Julie Pederson Atkins

Julie Pederson AtkinsJulie Pederson Atkins describes working with pencil on paper as though she’s working with clay. “It is a matter of caressing the paper,” Atkins said. “I baby it. Paper isn’t just a surface to me. Right from the beginning I want it to be transformed.”

Adkins is drawn to people, animals, and landscapes for subject matter. Each piece of art has distinct mystery with a sense of a captured moment in time. Each line of the pencil is blended into a perfect replication of the subject, the subtle grays melting together to create form. She describes her technique as “all over the place” because she uses black to white and all the grays in-between.

“I love to draw people and their expression. I want to capture them as them—not as a posed person, but more so a true representation of them,” she said.
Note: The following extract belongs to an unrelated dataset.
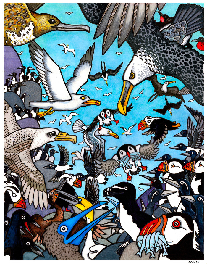 На этом острове я впервые в своей жизни увидела многих северных птиц: чаек, (серебристых), морских крачек, гаг, кулика-сороку, дрозда и других.

Graphite drawing of Julie’s father

Born in North Dakota, Atkins grew up mainly in Montana from a young age. She studied fine art in Bozeman, and has resided in Billings since the late 80s. She turned to visual arts because she’d always loved to draw.

“My first memory is from when I began drawing,” Atkins said. “I must have been four and I don’t know if I had seen a lot of other drawings, per say, but I do remember thinking I want to make that look as real as possible.” The drawing, a simple coffee table and loveseat in her family’s living room, began her obsession with the medium.

“I just drew all the time,” Atkins said. Trees, animals, blades of grass—her atmosphere became her muse. She was drawn to the medium because a pencil and piece of paper “is always there; it’s always available,” she said.

Atkins reflected on her father, who would sketch small pictures for her as she watched. “He wasn’t an artist, but he just had fun doing it. He’d laugh, and I thought, ‘Hey, that’s what I want to do.’”

Was drawing an easy form to embrace?
I am the kind of person that has to have something to create. My hands have to be busy creating something all the time. There are times that my husband might say ‘Let’s do something else,’ and I can’t because I am stuck in that mode where it is all that I can do. I do think a lot of artists are like that; hopefully I am not the only one.

What attracts you to portraits and landscapes?
I mostly paint landscapes. There is detail, and I like to create large-scale with lots of contrasts. Pencil work lends itself to more realism. For portraits, it’s the natural person, not a posed person. If I can catch them off guard that’s better. I love textures and portraying hair and fur and things like that. I like tall blades of grass, leaves in the trees in a distance, or peeling paint off old barns. And there is something about wheat fields. We farmed in North Dakota, and that is what I know. Everything I do comes from where I grew up.